* **Your goal**
Below are lines of records; copy exactly those from the one containing "Invest in your" through the one containing "Pastelloni Colorati Woody", leaving the pictures behind.

Segment Start: Records for the task

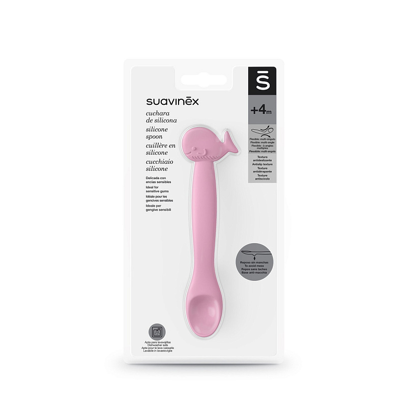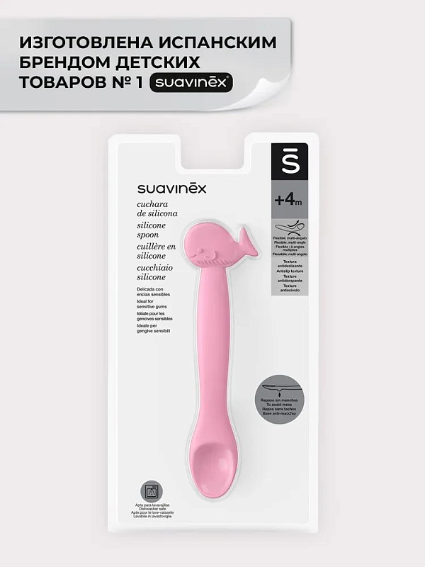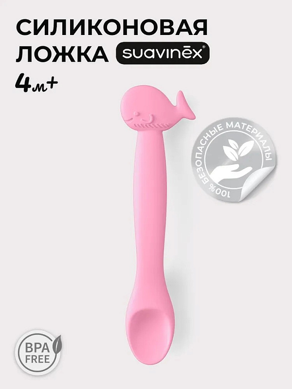 Ложка детская для кормления Suavinex силикон 401351 PINK WHALE S
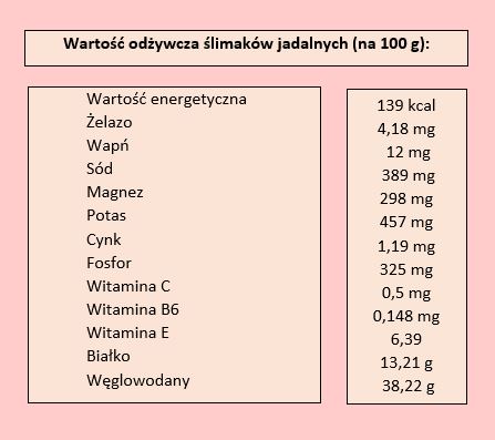 Pomimo negatywnej otoczki, ślimaki jadalne są daniem zdrowym i bardzo energetyzującym. W 100 gramach mięsa znajduje się 25 gr białka i jedynie 2 gr tłuszczu, ale tylko 0,07 gr cholesterolu. Ślimaki zawierają także wiele cennych minerałów, takich jak fosfor, magnez, żelazo, wapń, selen, cynk, witamina E, witamina B6 oraz witaminę C. Dodatkowo są niskokaloryczne, bo zjedzenie tej porcji dostarcza jedyne 81 kcal. Mięso ślimaków jadalnych jest wskazane w stosowaniu diety wysokoproteinowej, niskotłuszczowej i niskoenergetycznej.
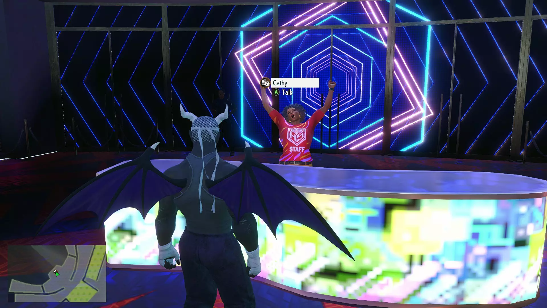 加入大厅后,留在一楼,前往大屏幕左侧的区域,下图中的红色框勾勒出该区域:
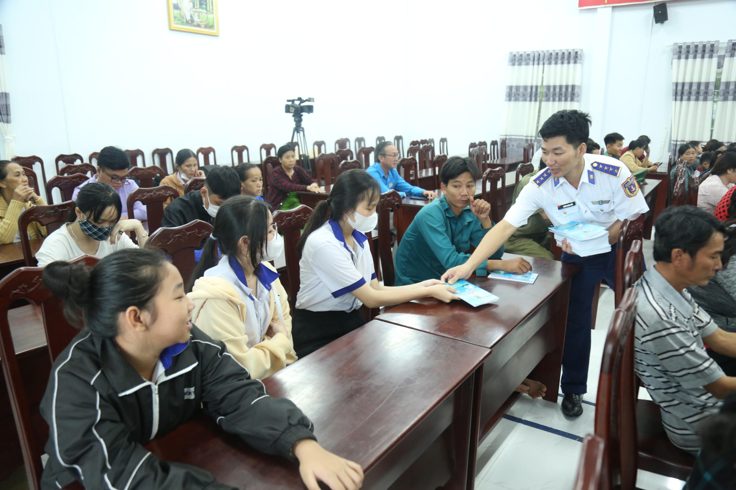 Tuyên truyền viên của Bộ Tư lệnh Vùng Cảnh sát biển 4 cấp phát tài liệu tuyên truyền cho người dân tại hội nghị |
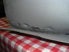 Da bin ich grad bei, die Verstärkung einfach auszubohren, dann mache ich das Blech neu und schweisse die Verstärkung wieder rein.
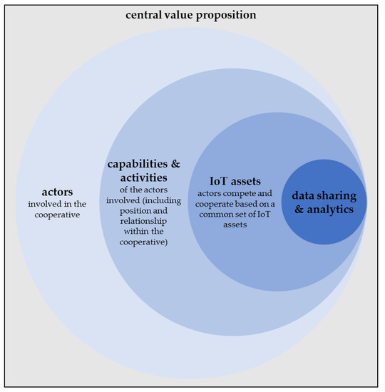 As a global network that enables real-world assets to interconnect, intercommunicate, and interact digitally, the Internet of Things (IoT) is of interest for all industrial domains that deal with physical goods, where manufacturing is prime. IoT technologies allow organizations to automatically generate digital representations of physical objects that can capture their real-world identities, locations, and states (digital objects). The collection, integration, and analysis of such data enable companies to implement new types of services [1]. Examples documented in the literature include predictive maintenance services for machinery and equipment, process mining for determining bottlenecks in complex production environments, fine-tuning of recipes and sequences for process manufacturing [2], optimization of plant availability, energy management, monitoring and analysis of production and logistics processes [3], and new approaches to the management of packaging [4]. The context of most of these scenarios is not an isolated workplace or an individual asset but an environment with a variety of components embedded in large processes. The necessary data for such services can quickly cross company borders [5]. Data are often owned by a multitude of organizations, such as the manufacturing company, provider of (smart) machinery, suppliers of parts and materials, operator of smart sensors, logistics and transport enterprises, possible customers, and more. This entails the necessity for those organizations to cooperate to design innovative, analytics-based business models, such as machinery as a service, production on demand, or asset benchmarking [6,7]. In the academic literature, respective collaborations are discussed under the subject of IoT ecosystems [5]. An IoT ecosystem denotes a community of interacting firms that compete and cooperate using a common set of core assets and digital objects [5].
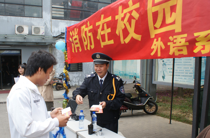 活动中,松山湖消防大队数名队员亲身到现场为同学们讲解消防安全知识。外语系的志愿者和保卫处的工作人员还向路过的同学派发消防安全知识小册子,宣传一些基本的消防安全知识。
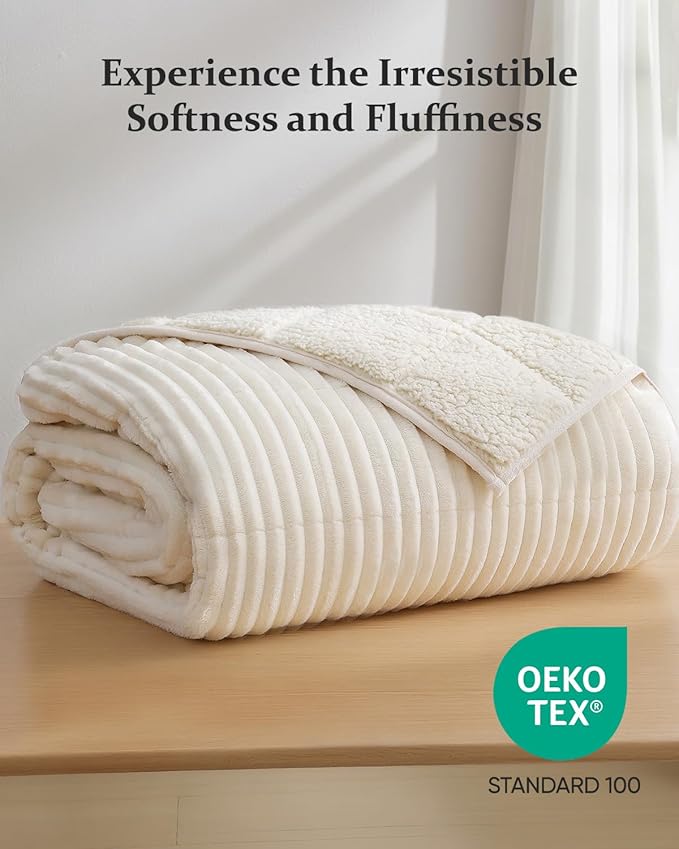- Premium Durable Materials: Crafted with high-quality 260 GSM fleece and 260 GSM sherpa, this heavy blanket resists pilling, shedding, and fading. It’s built to last, maintaining its plush feel and elegant look through countless uses.
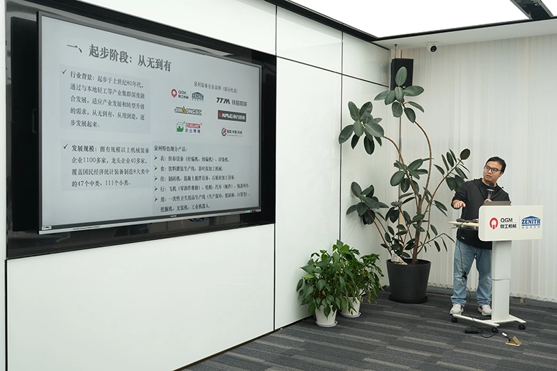 W sali konferencyjnej pracownicy Sekcji Sprzętu Miejskiego Biura Przemysłu i Technologii Informacyjnych w Quanzhou wyjaśnili podstawową sytuację, historię rozwoju i perspektywy na przyszłość branży produkcji sprzętu w Quanzhou; wyświetlono także film promocyjny firmy Quanzhou Machinery Industry Co., Ltd.
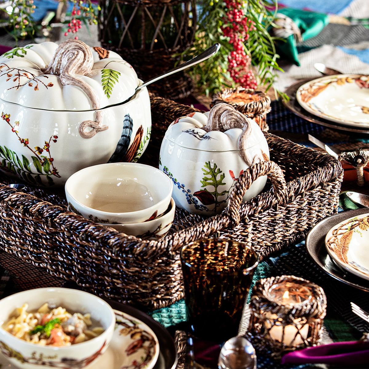 - Lidded pumpkin crafted of ceramic and stoneware in a forest walk motif with a curling stem on top
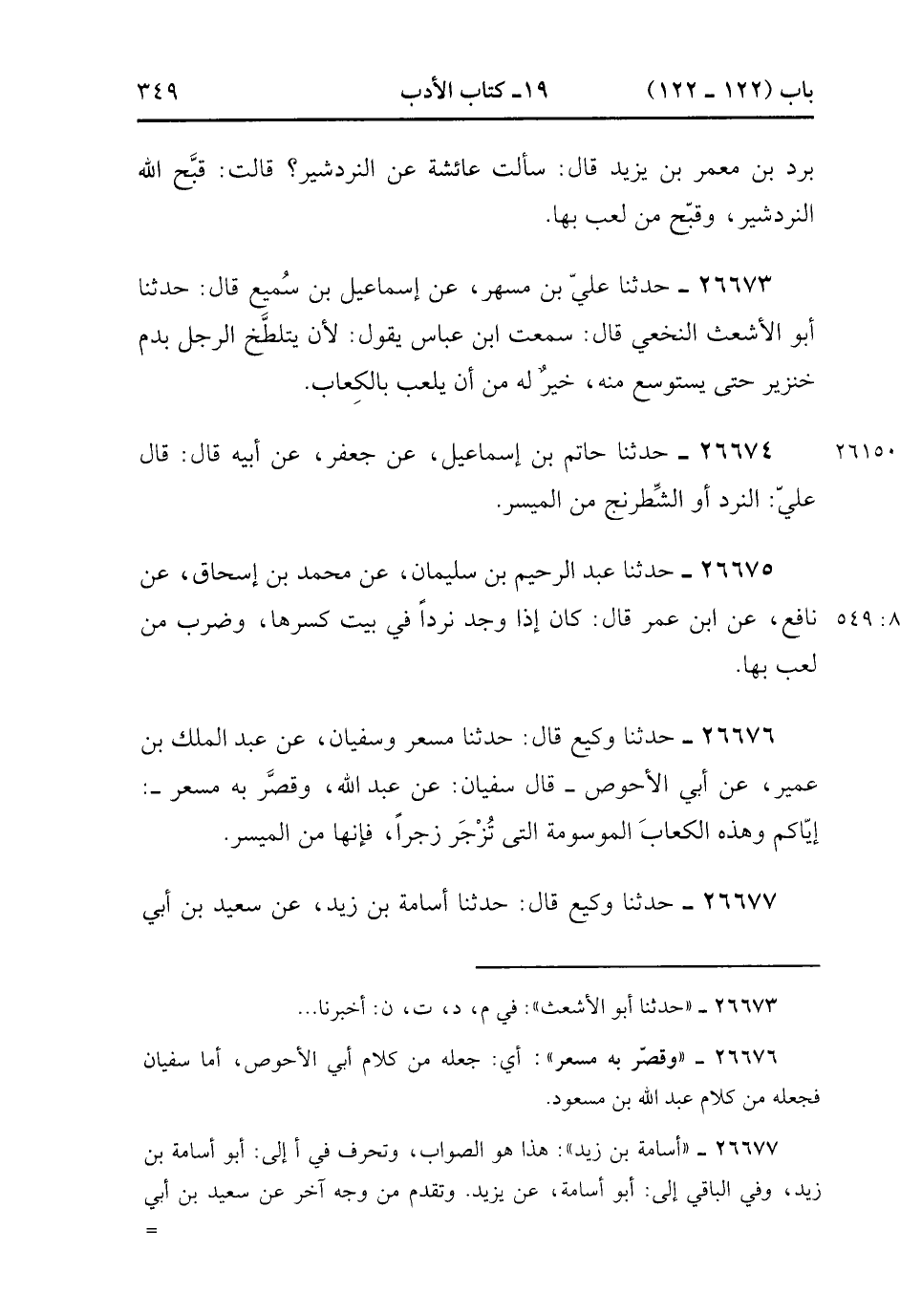 26676- حَدَّثَنَا وَكِيعٌ , قَالَ : حدَّثَنَا مِسْعَرٌ وَسُفْيَانُ ، عَنْ عَبْدِ الْمَلِكِ بْنِ عُمَيْرٍ ، عَنْ أَبِي الأَحْوَصِ ، قَالَ سُفْيَانُ : عَنْ عَبْدِ اللهِ ، وَقَصَّرَ بِهِ مِسْعَرٌ : إيَّاكُمْ وَهَذِهِ الْكِعَابَ الْمَوْسُومَةَ الَّتِي تُزْجَرُ زَجْرًا ، فَإِنَّهَا مِنَ الْمَيْسِرِ. (8/549).
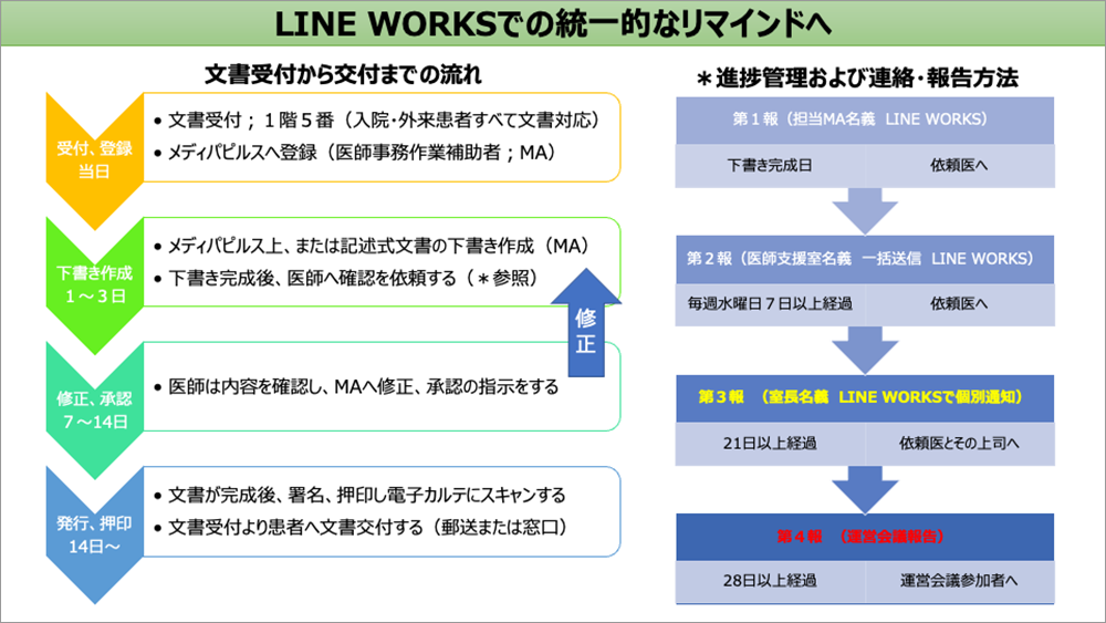 LINE WORKSのBotを活用して、診断書の作成を促す通知を自動的に発信する仕組みをつくられたそうですね。
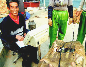 吕梅顺老人正在为捕上来的鱼过秤。 对于“洗脚上岸”后的生活,他感觉很满足。
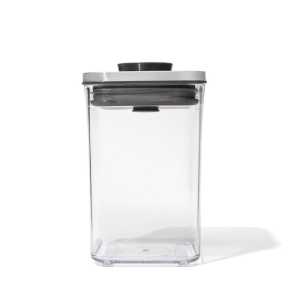 Контейнер Oxo Steel 1 L (OX3118400) предназначен для хранения сыпучих и сухих продуктов. На боковой стороне емкости есть линия, указывающая на максимальный уровень заполнения. Емкость объемом 1 л вмещает около 0,5 кг сахара. Крышка емкости изготовлена из нержавеющей стали и оснащена кнопочным механизмом. При нажатии кнопки на крышке получается герметичное уплотнение емкости; при повторном нажатии кнопки емкость открывается, и крышка также может быть снята. Благодаря этому решению достаточно одной руки, чтобы открывать и закрывать емкость. Внизу крышки есть место, куда можно прикрепить аксессуары, такие как мерные стаканы или мерные ложки. Емкости этой серии можно комбинировать по модульному принципу, благодаря чему хранение продуктов отлично организовано, а на полках все это выглядит очень эффектно.
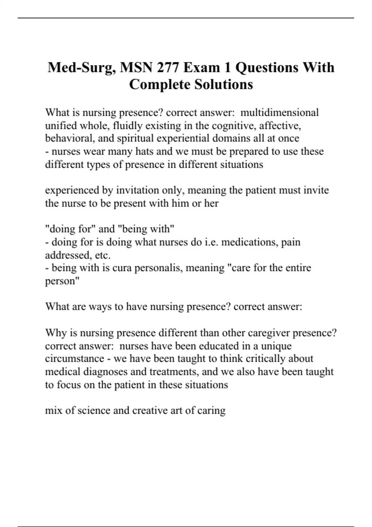 What is nursing presence? correct answer: multidimensional unified whole, fluidly existing in the cognitive, affective, behavioral, and spiritual experiential domains all at once - nurses wear many hats and we must be prepared to use these different types of presence in different situations experienced by invitation only, meaning the patient must invite the nurse to be present with him or her "doing for" and "being with" - doing for is doing what nurses do i.e. medications, pain addressed, etc. - being with is cura personalis, meaning "care for the entire person" What are ways to have nursing presence? correct answer: Why is nursing presence different than other caregiver presence? correct answer: nurses have been educated in a unique circumstance - we have been taught to think critically about medical diagnoses and treatments, and we also have been taught to focus on the patient in these situations mix of science and creative art of caring we have a way of being present that differs from other health care disparities
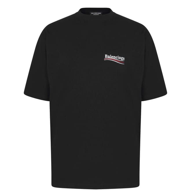 Invest in your wardrobe staples with Balenciaga's signature Political Campaign T-Shirt. Featuring dropped shoulders for a slouchy look, this short sleeved t-shirt is the ideal choice for nights out with friends, relaxing at home, or visiting relatives at the weekend.
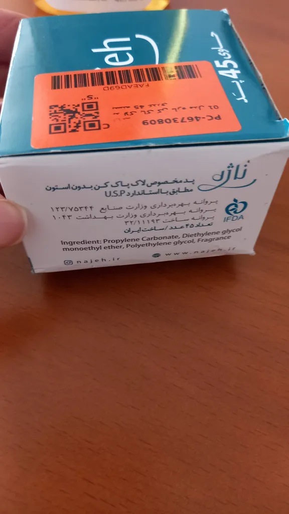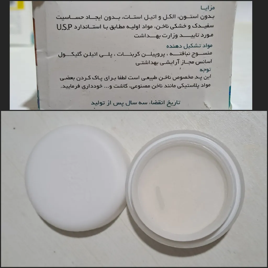 خریدار بدون نام : لاک پاک کن خوب ؛ قبلا داشتم از همین مارک امیدوارم مث قبل خوب باشه هنوز استفاده نکردم، نگران خشک شدن پدها بودم ولی دیدم در ظرف پیچی هست و اینکه داخل ظرف یه در پلاستیکی دیگه داره که اونم مانع از خشک شدن پدها میشه، عکسشو گذاشتم
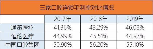 从毛利率角度看,口腔专科医院/诊所平均值在45%以上,行业毛利率前三名分别是中国口腔医疗、小白兔、华齿口腔,对应2019年毛利率分别为54%、53%、51%,大部分企业都在40%以上,差异较小。
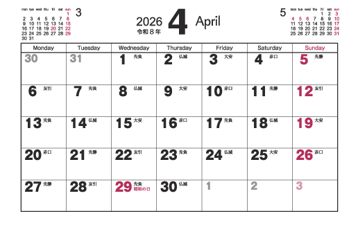月曜始まり 六曜あり
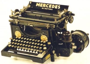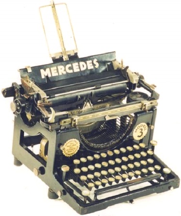 | Many people outside of Europe are unaware that for many years a good, dependable and rugged typewriter was manufactured under the name MERCEDES in Germany. This concern had nothing to do with the well-known auto maker; the builder of these typewriters was Mercedes Buromaschinenwerke which initially was based in Berlin, but which quickly required more space and moved to Zella-Mehlis. Unlike many other machines introduced in the first decade of the Twentieth Century, the MERCEDES was popular from the beginning and gained a following. The machine was produced steadily for a number of years, until, in 1930, Underwood-Elliottt-Fisher Corporation, of the United States, purchased control of Mercedes. This did not slow sales, and portables were brought out quickly to supplement the standards. The Second World War interrupted production, which then restarted following - with the Mercedes plant in what became East Germany. In 1951-1952, however, production of the MERCEDES was dropped, although rights to the name remained with Underwood. |
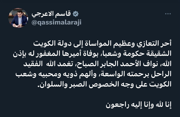قدم مستشار الأمن القومي قاسم الأعرجي، اليوم السبت، التعازي بوفاة أمير الكويت الشيخ نواف الأحمد الصباح.
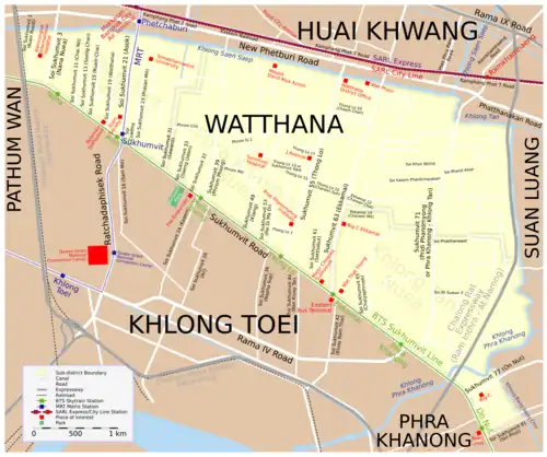 Die benachbarten Bezirke sind im Uhrzeigersinn von Norden aus: Ratchathewi, Huai Khwang, Suan Luang, Phra Khanong, Khlong Toei, Sathorn und Pathum Wan.
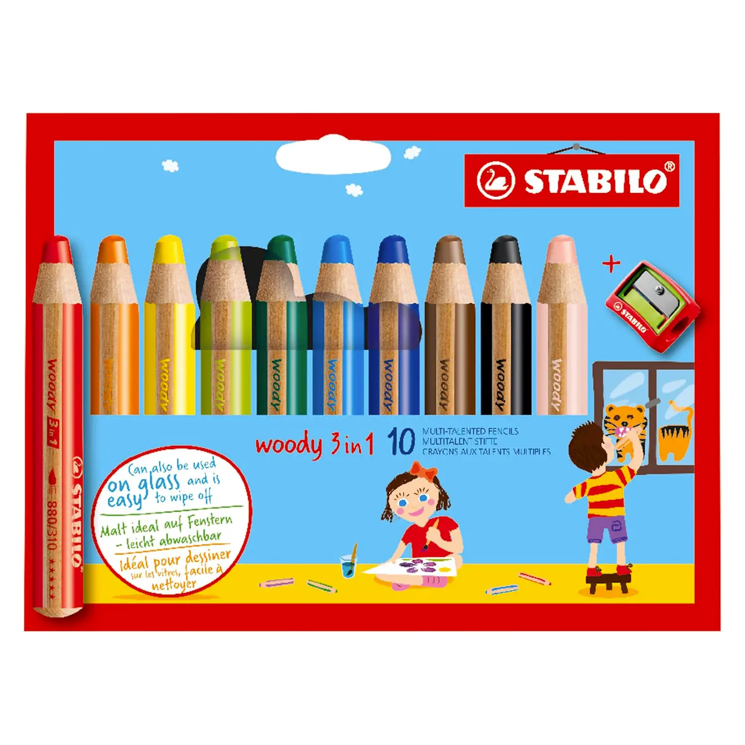 Pastelloni Colorati Woody Stabilo 10 Pezzi + Temperino
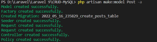 Untuk membuat Model, Controller, Migration, Factory dapat menggunakan perintah artisan Laravel caranya dengan membuka terminal/CMD pada folder project Laravel lalu ketik perintah berikut untuk membuanya sekaligus
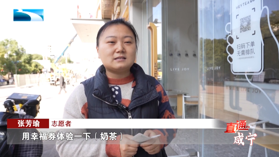 志愿者 张芳瑜:“用幸福券体验一下(奶茶),享受了95折,便宜了一块钱,我觉得挺好的,把实惠带给我们志愿者,让我们更有动力去参加这些志愿服务活动。”
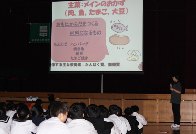グランパス所属管理栄養士招く/田原の野田中で食育講演

Segment End: Records for the task

* **Response**
 Invest in your wardrobe staples with Balenciaga's signature Political Campaign T-Shirt. Featuring dropped shoulders for a slouchy look, this short sleeved t-shirt is the ideal choice for nights out with friends, relaxing at home, or visiting relatives at the weekend.
 خریدار بدون نام : لاک پاک کن خوب ؛ قبلا داشتم از همین مارک امیدوارم مث قبل خوب باشه هنوز استفاده نکردم، نگران خشک شدن پدها بودم ولی دیدم در ظرف پیچی هست و اینکه داخل ظرف یه در پلاستیکی دیگه داره که اونم مانع از خشک شدن پدها میشه، عکسشو گذاشتم
 从毛利率角度看,口腔专科医院/诊所平均值在45%以上,行业毛利率前三名分别是中国口腔医疗、小白兔、华齿口腔,对应2019年毛利率分别为54%、53%、51%,大部分企业都在40%以上,差异较小。
月曜始まり 六曜あり
 | Many people outside of Europe are unaware that for many years a good, dependable and rugged typewriter was manufactured under the name MERCEDES in Germany. This concern had nothing to do with the well-known auto maker; the builder of these typewriters was Mercedes Buromaschinenwerke which initially was based in Berlin, but which quickly required more space and moved to Zella-Mehlis. Unlike many other machines introduced in the first decade of the Twentieth Century, the MERCEDES was popular from the beginning and gained a following. The machine was produced steadily for a number of years, until, in 1930, Underwood-Elliottt-Fisher Corporation, of the United States, purchased control of Mercedes. This did not slow sales, and portables were brought out quickly to supplement the standards. The Second World War interrupted production, which then restarted following - with the Mercedes plant in what became East Germany. In 1951-1952, however, production of the MERCEDES was dropped, although rights to the name remained with Underwood. |
قدم مستشار الأمن القومي قاسم الأعرجي، اليوم السبت، التعازي بوفاة أمير الكويت الشيخ نواف الأحمد الصباح.
 Die benachbarten Bezirke sind im Uhrzeigersinn von Norden aus: Ratchathewi, Huai Khwang, Suan Luang, Phra Khanong, Khlong Toei, Sathorn und Pathum Wan.
 Pastelloni Colorati Woody Stabilo 10 Pezzi + Temperino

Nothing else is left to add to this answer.